#  > Geral >  > Segurança >  >  Como Bloquear radios Online Pelo Squid

## kako_pierre

_Alguem pode me ajuda....

preciso bloquear o acesso a radios online na minha rede....

como q eu faço.....

agradeço qm ajuda aew......_

----------


## josiel

Veja os logs do squid e bloqueia as palavras ou dominios de radios online.

----------


## ralexsander10

> Veja os logs do squid e bloqueia as palavras ou dominios de radios online.

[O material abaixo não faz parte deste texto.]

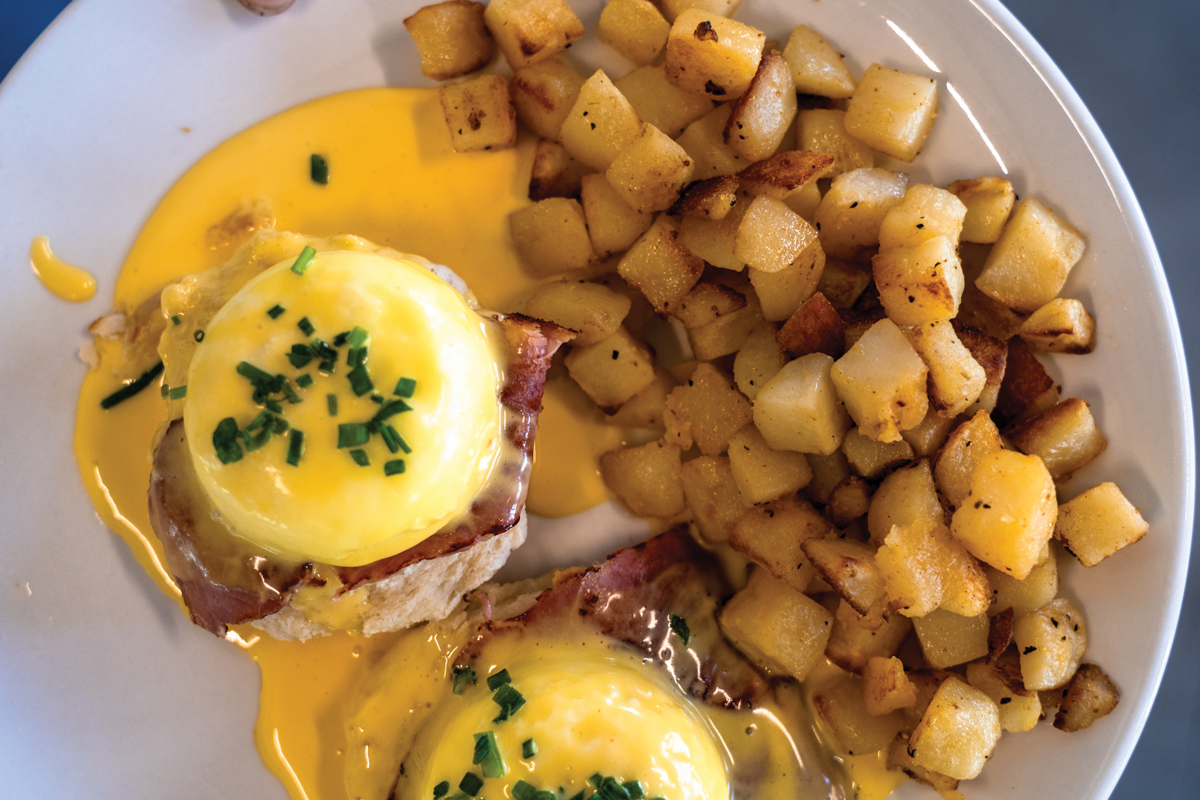 She adds that everything is made from scratch including biscuits, hash browns and hollandaise sauce for eggs benedict. Coffees and teas are from a purveyor in Floyd, Virginia – Red Rooster Coffee, Swallowtail Tea and J.T. Copper Syrups. “I searched to find just the right partners for coffees and teas. I’ve been to their facility, and they’ve been here to train our staff on how to make fantastic beverages,” she explains. (Smoothies and mocktails are also available.)

acl bloqueados dstdomain musica.uol.com.br radiouol radio.terra.com.br
http_access deny bloqueados

Vc pode usar o SARG pra ver os logs e ir adicionando as URLs ai em cima...

----------


## skopos

:mrgreen: Man aqui eu bloquei pela extensão do arquivo, assim vc não deixa o navegante irritado pq vc bloqueou o endereço onde poderia haver uma informação. Só tem um site que até agora eu não consegui bloquear a extensão do arquivo, o site do terra.. mas se alguem ae tiver ideia qual é a extensão .. manda ae pra gente :?

----------


## fred_m

Quais as extenções mais comuns para rádio e video ??

Grato.

----------